Acute Massive Pulmonary Embolism with Cardiopulmonary Resuscitation

Management and Results
Igor E. Konstantinov, MD, PhD, Pankaj Saxena, MCh, DNB, Miriam D. Koniuszko, MBBS, John Alvarez, MBBS, FRACS, and Mark A.J. Newman, MBBS, FRACS

Abstract

Patients who experience hemodynamic collapse after acute massive pulmonary embolism have a poor prognosis. Herein, we report our results with 8 patients and discuss a surgical strategy that can improve perioperative survival.

From August 1994 through May 2005, 8 consecutive patients (6 women, 2 men; age range, 27–68 yr) were urgently referred to our unit after experiencing hemodynamic collapse. All required cardiopulmonary resuscitation. Seven patients underwent pulmonary embolectomy. One patient was successfully treated with thrombolytic therapy alone under continuous monitoring by the surgical team.

There were 2 intraoperative deaths (30-day mortality rate, 28.5%). One survivor required a right ventricular assist device. Follow-up of the patients ranged from 8 months to 8 years. One patient died 8 months after the pulmonary embolectomy from long-term complications of cerebral damage that had occurred during preoperative resuscitation.

We conclude that prompt surgical management improves the early survival rates of patients who require cardiopulmonary resuscitation subsequent to massive pulmonary embolism.
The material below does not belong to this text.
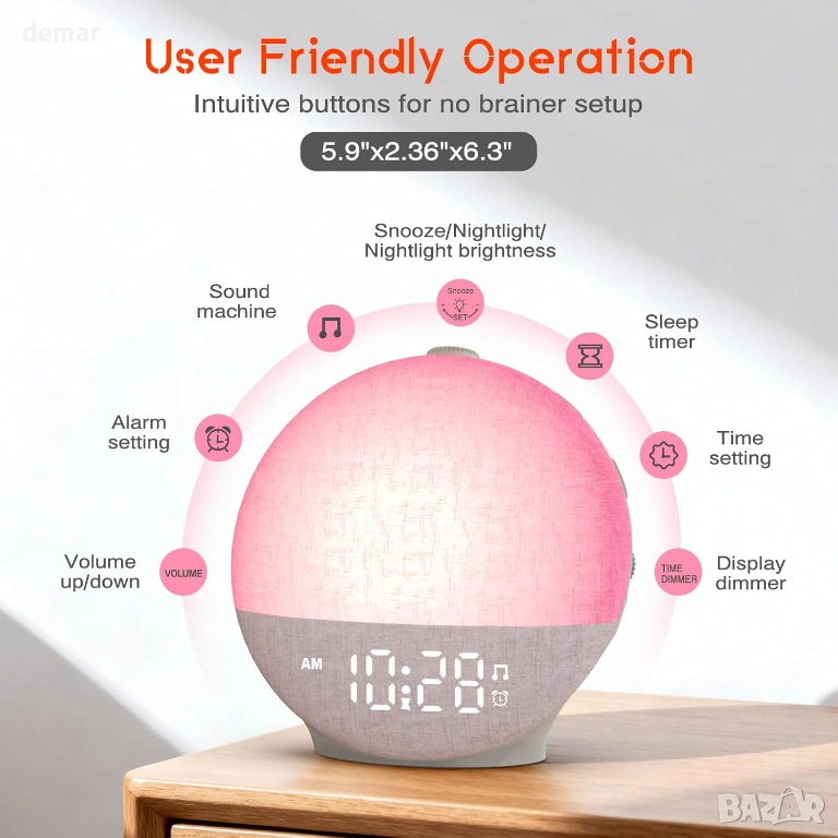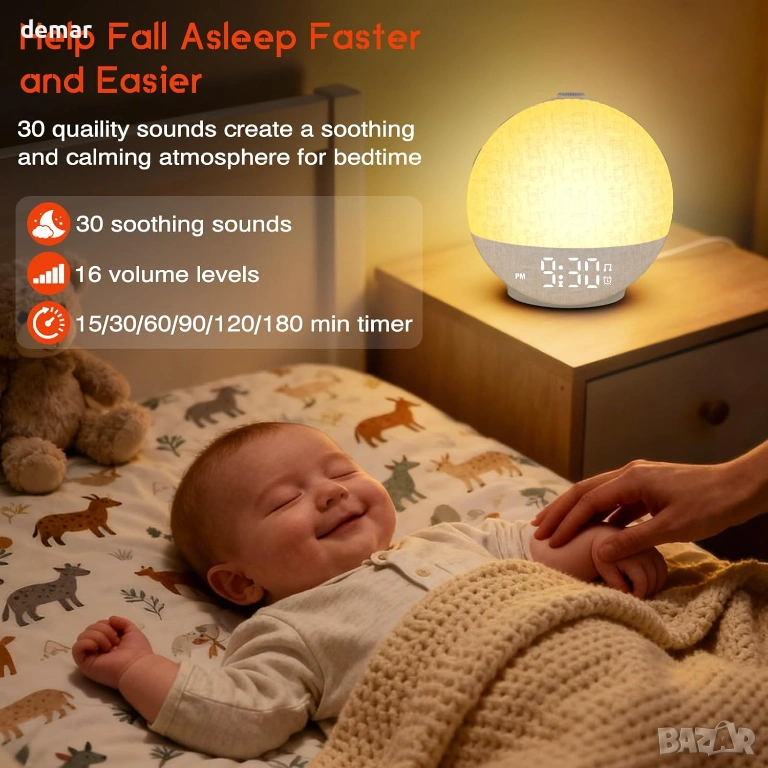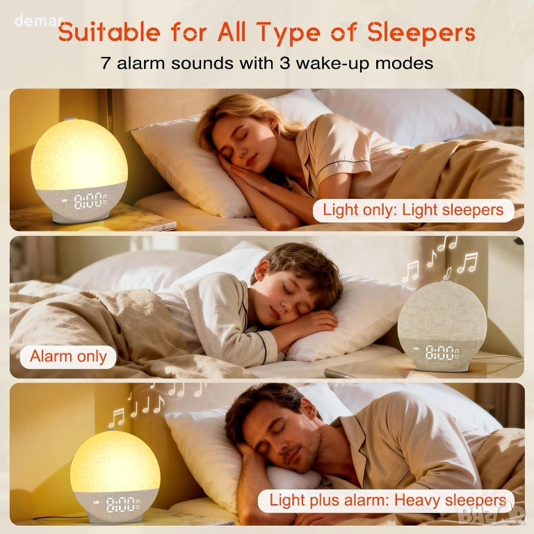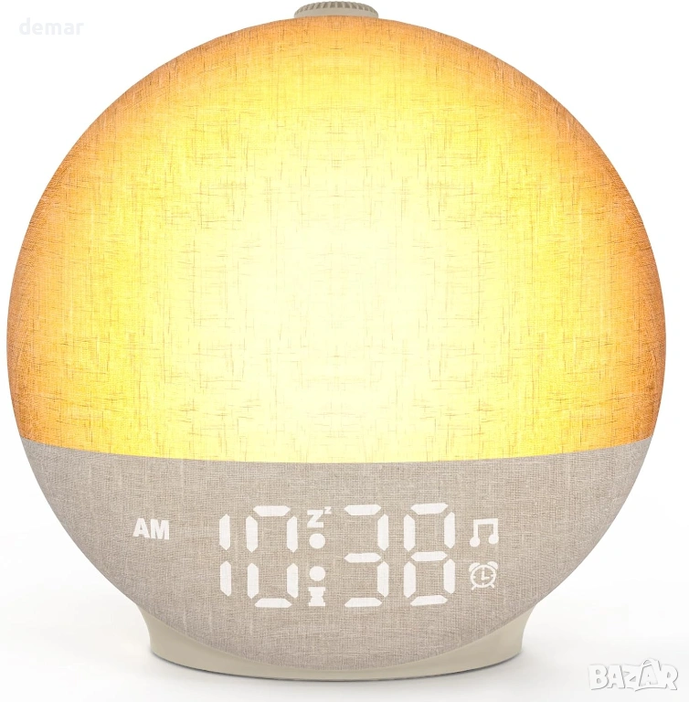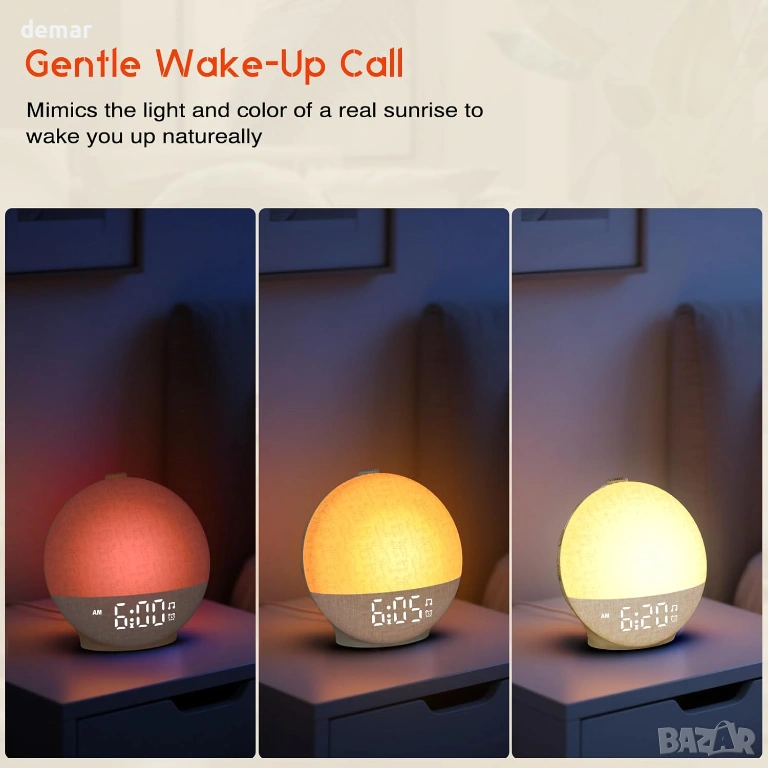 Будилник с изгрев, проектиран да ви събужда нежно с постепенна симулация на светлина, имитираща естествен изгрев, регулируем от 10 до 60 минути, за да ви помогне да започнете деня си освежени. Допълнителна звукова аларма с регулируема сила на звука до 110 dB и седем звука за събуждане, включително камбанки, песен на птици и мека музика, осигурява допълнителна надеждност за тези, които спят по-тежко, заедно с леснодостъпна функция за дрямка. Вграденият режим за залез постепенно затъмнява топлата светлина, за да подпомогне спокойното вечерно отпускане, докато 30 релаксиращи звука, като дъжд, океански вълни, гръмотевици и шум от вентилатор, помагат за маскиране на разсейващите фактори и насърчават спокоен сън. Таймерът за заспиване автоматично изключва звука и светлината след 15–180 минути. Яркостта на дисплея може да се регулира напълно, а лампата предлага 12 цвята с 20 нива на яркост, създавайки комфортна атмосфера за четене или релакс в спалнята.

Key words: Anticoagulants, cardiopulmonary bypass, cardiopulmonary resuscitation, echocardiography, transthoracic, hemodynamic processes, pulmonary artery/surgery, pulmonary embolism/complications/diagnosis/drug therapy/mortality/surgery, risk factors, thrombolytic therapy/contraindications, treatment outcome, ventricular dysfunction, right

Massive pulmonary embolism (PE) is a life-threatening condition. For clinical purposes, massive PE is defined as pulmonary embolism with either hemodynamic collapse or an occlusion of the pulmonary artery that exceeds 50% of its cross-sectional area.1–5 The overall mortality rate associated with massive PE remains at approximately 30%.6–8 If cardiopulmonary resuscitation (CPR) is required, mortality rates increase dramatically. Even in the modern era, operative deaths of patients with massive PE who require CPR may approach 75%.9 An overall mortality rate reported in the world literature is 57% for patients who require CPR, compared with 12% for those who do not.6,9–17 Herein, we present a retrospective review of the treatment and outcomes of 8 of our patients who required CPR consequent to hemodynamic collapse after massive PE.

Patients and Methods

Patients

From August 1994 through May 2005, 8 consecutive patients with suspected massive PE were referred to our cardiothoracic surgical unit after they had experienced hemodynamic collapse that required CPR. We retrospectively analyzed the patients' demographics, risk factors, methods of diagnosis, operative procedures, and postoperative morbidity and mortality rates (Table I).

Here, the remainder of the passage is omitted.